Large Language Models (LLMs) are typically stateless and constrained by training cutoffs. A memory layer enables continual learning by allowing models to evolve their knowledge with experience. Cipher provides such a memory layer: it stores structured, retrieval-ready reflections so models can learn from mistakes and reinforce good practices without expensive fine-tuning or exposing ground-truth answers.

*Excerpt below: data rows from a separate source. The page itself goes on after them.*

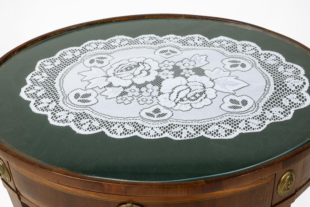 Schlichter ovaler Salontisch auf 4 Pfeilerbeinen, mit 1 Zargenschub und eingelegter Glasplatte, dezent dekoriert mit Messingapplikationen. Alters-/Gebrauchsspuren, restauriert.
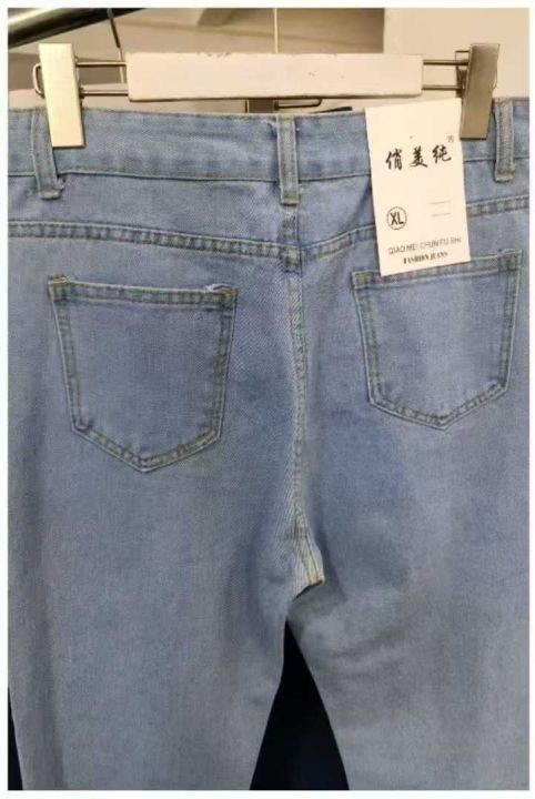 140件左右微瑕女装宽松毛边牛仔九分裤,整款单色,气孔有风痕,不影响品质,码数S-2XL,独立包装
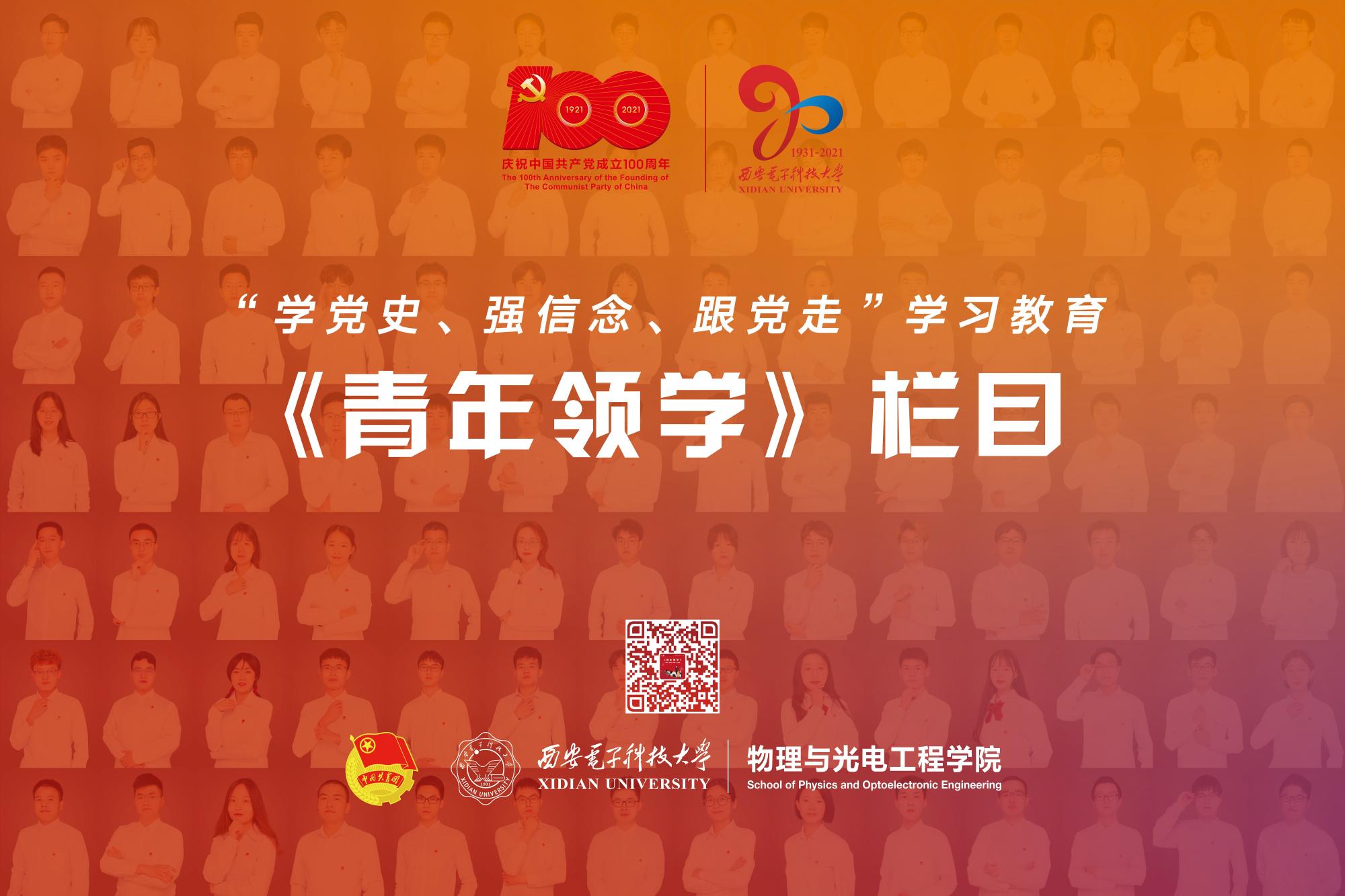 编者按:为庆祝中国共产党成立100周年,深入学习贯彻习近平总书记在党史学习教育动员大会上的重要讲话精神,落实团中央“学党史、强信念、跟党走”学习教育要求,引领广大团员青年厚植爱党、爱国、爱社会主义的情感,物理与光电工程学院紧紧围绕学史明理、学史增信、学史崇德、学史力行,重点突出“英雄”主题,用好英雄事迹和英雄精神这一“教科书”,依托“西电物光院”官方微信和“喜马拉雅FM”电台推出《青年领学》栏目,教...
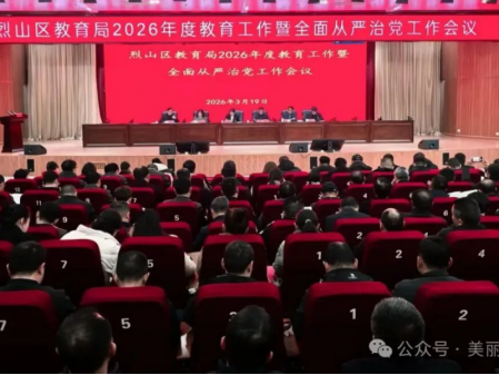 3月19日上午,2026年烈山区教育工作会议暨区教育系统全面从严治党工作会议在区科创大厦第二会议室召开。区政府副区长代城艳出席会议并讲话,区教育局党委书记、局长李慎海主持会议。区教育局相关负责同志、各直属学校主要负责人等参加会议。
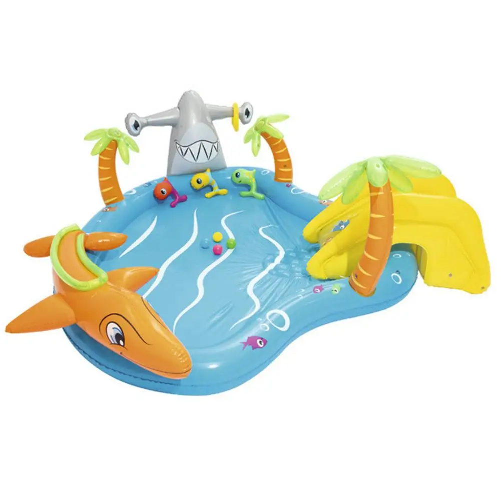 Надувной бассейн с горкой, милый мультяшный Акула, дельфин, плавательный бассейн, летняя надувная водная игрушка для детей
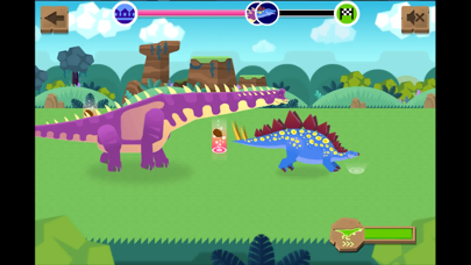 In each round, your dino races one-by-one against three other dinos. When you're faster than your opponents you unlock new racing dinos. After an easy start, you'll soon find yourself up against bigger, faster, stronger dinosaurs that are more challenging to beat. You can race: Tyrannosaurus rex, Troodon, Spinosaurus, Incisivosaurus,
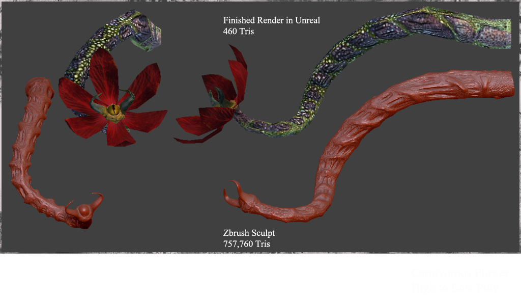 The Cargo Deck is a sci-fi project that I've been working on. This is the first phase of the project, a hallway system leading to the cargo area. . It takes place on a cargo ship lost in deep space. The story revolves around surviving an attack from carnivorous space plants. For this project I wanted to practice my organic modeling, texture size reduction, and digital sculpting.
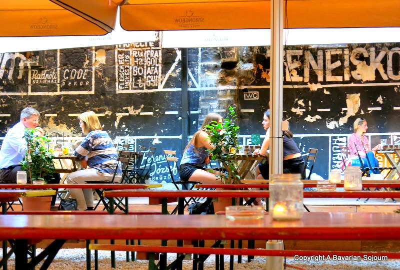 After an initial foray into the world of Budapest public transport (luckily I have a friend who recently relocated here, and she gave me a few pointers – buy ten tickets for around 3000 HUF at the purple machine at tram stops. You need one ticket for each tram/bus journey (children need a ticket each too!) we somehow ended up on Budapest’s “Broadway” – Nagymezo Street, and at Bordó Bisztró for dinner at what must be the perfect city summer venue.
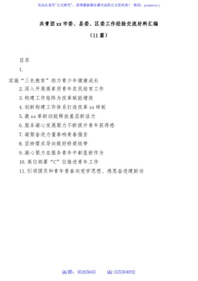 / (11篇)共青团市委委区委工作经验交流材料汇编
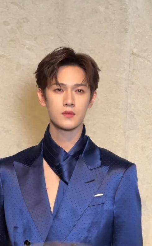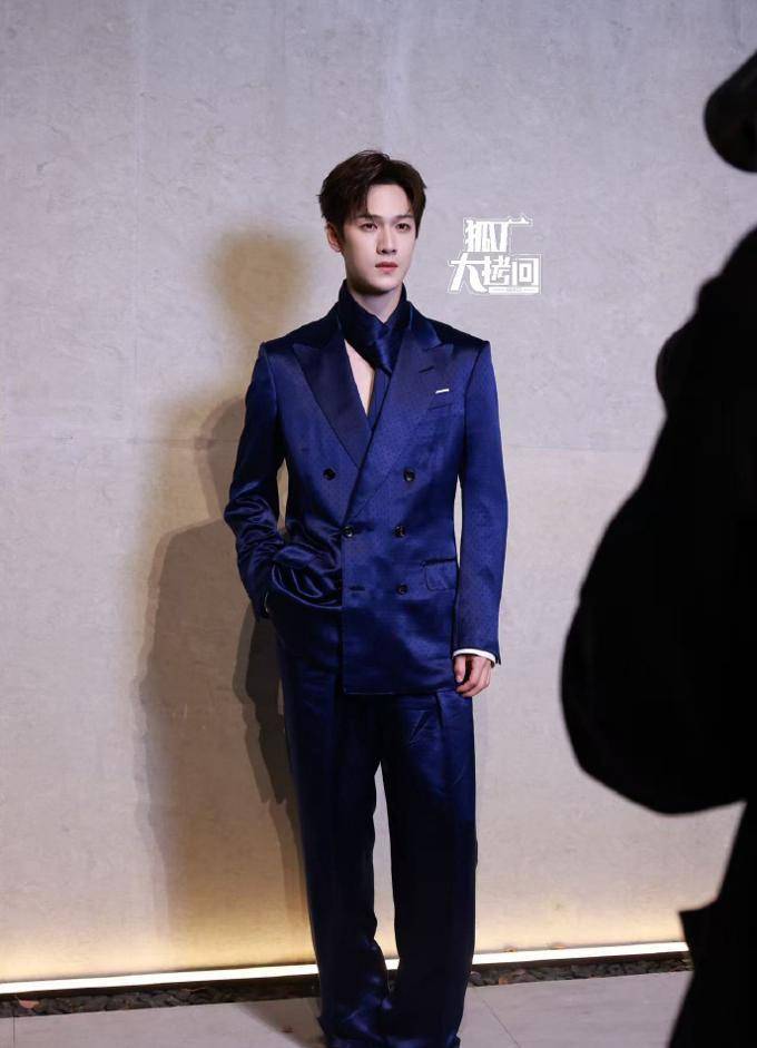 先看唯二一位受邀到场的男星品牌大使李昀锐,身穿深蓝色缎面真空西装套装亮相活动,这一套西装质感褶皱没啥亮点,深蓝色的选色算是一大特色,衬得他更加肤白贵气。
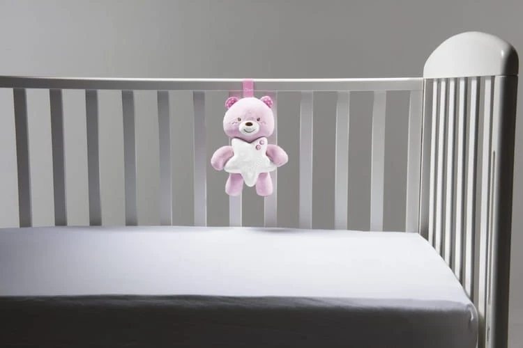 Das Spielzeug wird mit einem praktischen Klettband am Bettchen befestigt.
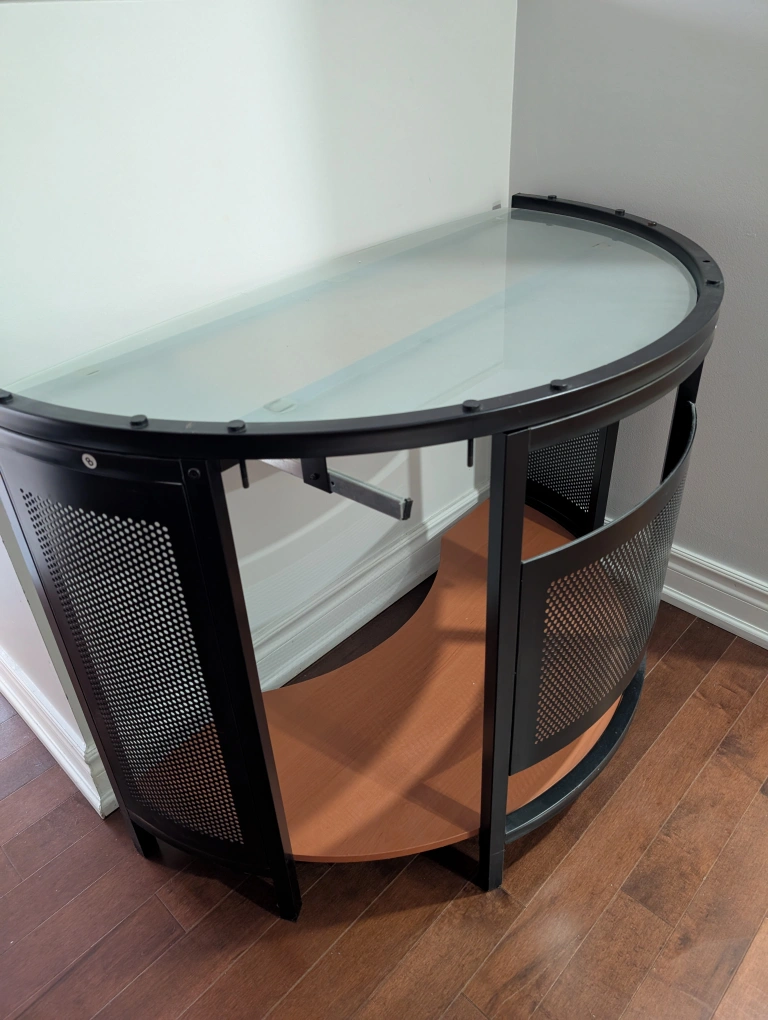 Half-circle computer desk. Black metal frame. Glass top. Lower shelf. Metal mesh sides. Good for small spaces.
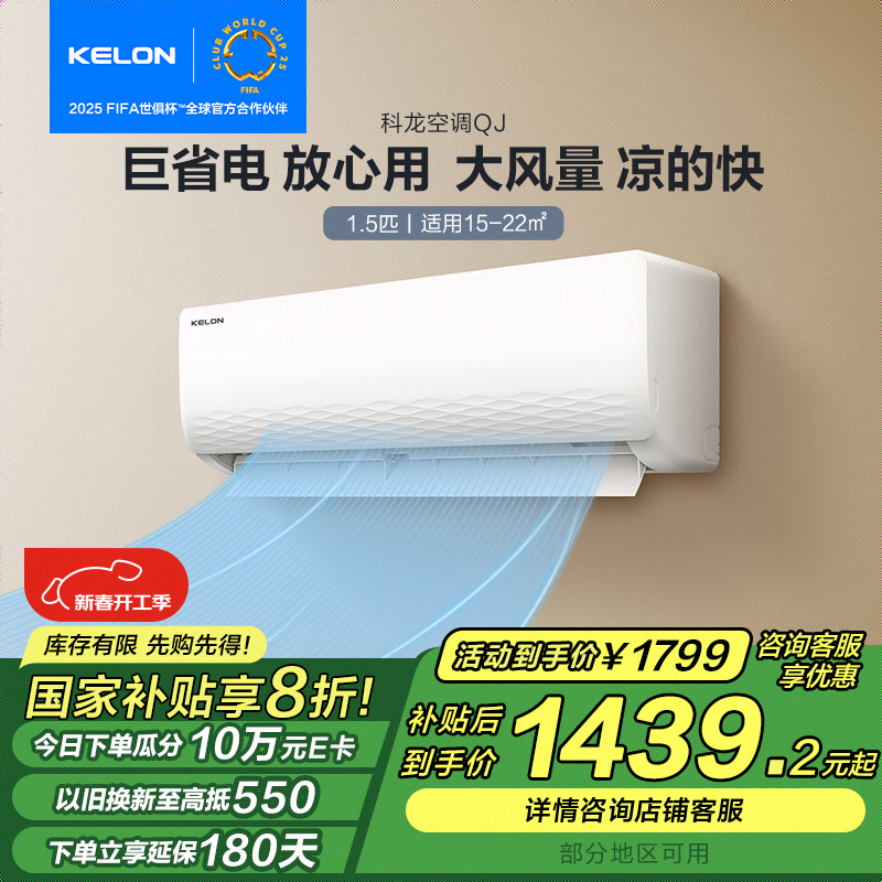科龙睡眠空调大风力一级能效壁挂机智能调温节能环保
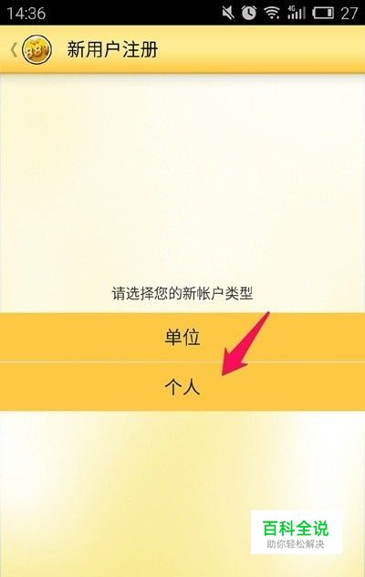 然后选择“新用户注册”。在单位和个人之间选择“个人”。
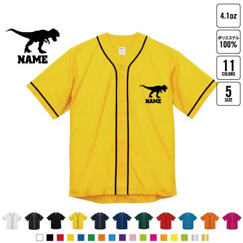 ティラノサウルス1 名入れベースボールシャツ BBシャツ レイヤードシャツ 野球 チームウェア 恐竜 化石 肉食 草食 雑食 海 陸 B系 ストリート系
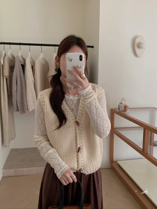 韩系复古V领牛角扣叠穿针织马甲开衫女春秋时尚通勤外搭无袖背心
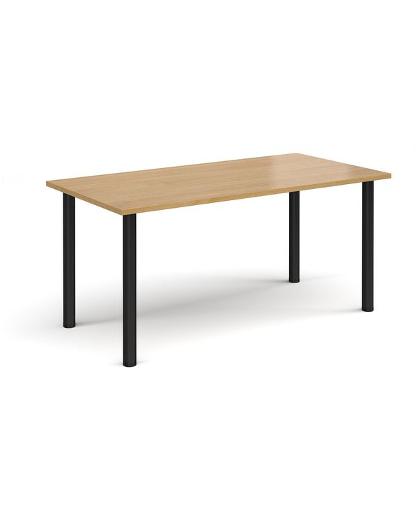 Rectangular black radial leg meeting table 1600mm x 800mm - oak
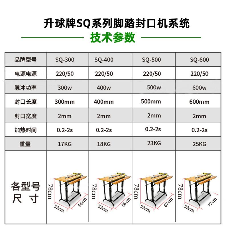 - 腳踏裝置:腳踏板是腳踏封口機的重要組成部分,通常設計有防滑紋理,以確保操作人員踩踏時的安全性和穩定性。腳踏板通過連桿與封口部件相連,連桿一般由金屬材質制成,具有足夠的強度和韌性,能有效傳遞力量。
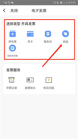 3、進(jìn)入到電子發(fā)票界面,包括“停車費(fèi)”、“月卡”“ 租車 位”“商品”和“憑賬單開票”類型,這里以“商品”為例,
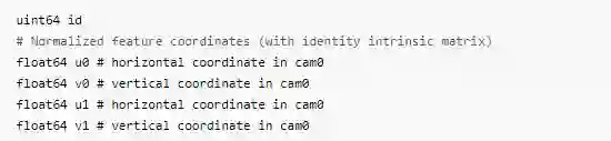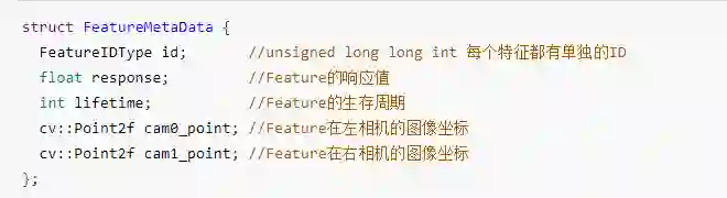 主要发布了当前帧特征点的数据,每个特征的数据结构为FeasureMeasurement如下:
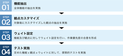 AGESTが提供する「AGEST式探索的テスト」は、テスト工程を短縮したいお客様に最適なソフトウェアテストサービスで、属人的になりがちな傾向をカバーする“AGEST汎用的テストチャータ”を用いることで、安定した品質でサービスを提供いたします。
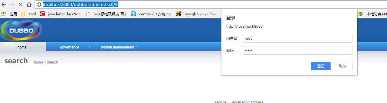 在浏览器输入http://localhost:8080/dubbo-admin-2.6.0/进入dubbo管理页面

Try out Cipher here: Cipher
This experiment is carried out by Byterover team. More from Byterover here: Byterover
- Models: GPT-5-Nano and Gemini-2.5-Pro
- Framework: LiveCodeBench with Cipher memory workflow (see
LiveCodeBench/README.mdfor setup and evaluation commands) - Scenario: Code Generation with pass@k and execution-time analysis
- Memory protocol: Reflections are derived from each model’s own outputs with evaluation feedback (e.g., pass@1). We do not provide solutions; models introspect on their performance and store learnings for retrieval in subsequent runs.
-
Accuracy improves with Cipher memory:
- GPT-5-Nano: 614/1055 (58.2%) → 693/1055 (65.7%) — +7.5 points
- Gemini-2.5-Pro: 897/1055 (85.0%) → 916/1055 (86.8%) — +1.8 points
-
Execution time decreases (faster code with Cipher):
- GPT-5-Nano: 1.4948s → 1.2120s — −18.9%
- Gemini-2.5-Pro: 1.8656s → 1.6834s — −9.8%
-
By difficulty (highlights):
- GPT-5-Nano accuracy: easy +1.9, medium +11.7, hard +8.0 points
- Gemini accuracy: easy +0.6, medium +1.8, hard +2.9 points
- GPT-5-Nano time: easy −19.9%, medium −10.5%, hard −26.1%
- Gemini time: easy −18.1%, medium +0.6%, hard −13.4%
-
Accuracy — GPT-5-Nano: Before vs After enabling Cipher with per-difficulty breakdown. Overall pass@1 rises from 58.2% to 65.7% (+7.5 points), with the largest gains in medium (+11.7) and hard (+8.0) tasks, indicating stronger generalization on challenging problems.
-
Accuracy — Gemini-2.5-Pro: Modest but consistent improvement from 85.0% to 86.8% (+1.8 points). Gains are present across difficulties (easy +0.6, medium +1.8, hard +2.9), showing benefit even at a higher baseline.
-
Execution Time — GPT-5-Nano: Average runtime drops 18.9% (1.49s → 1.21s). The biggest reduction is on hard problems (−26.1%), suggesting the retrieved reflections guide the model toward more efficient algorithmic choices on complex tasks.
-
Execution Time — Gemini-2.5-Pro: Average runtime improves by 9.8% (1.87s → 1.68s). Easy (−18.1%) and hard (−13.4%) categories speed up, while medium shows a slight increase (+0.6%), indicating room for targeted reflection tuning on medium difficulty.
-
Regressions — GPT-5-Nano: Right→Wrong cases total 4.1% (43/1055). By difficulty: easy 3.1%, medium 3.7%, hard 5.4%. This highlights occasional over-correction or overthinking after reflection on harder tasks.
-
Regressions — Gemini-2.5-Pro: Right→Wrong is 2.0% (21/1055), with easy 0.3%, medium 1.3%, hard 4.4%. The lower regression rate suggests more stable reflection dynamics at a higher capability level.
-
Improvements — GPT-5-Nano: Distribution concentrates on medium and hard tasks, aligning with the large pass@1 and runtime gains. The chart shows a net positive shift in outcomes after enabling Cipher.
-
Improvements — Gemini-2.5-Pro: Improvements are smaller but broadly distributed across tasks, consistent with the model’s high baseline and the measured +1.8 point pass@1 increase.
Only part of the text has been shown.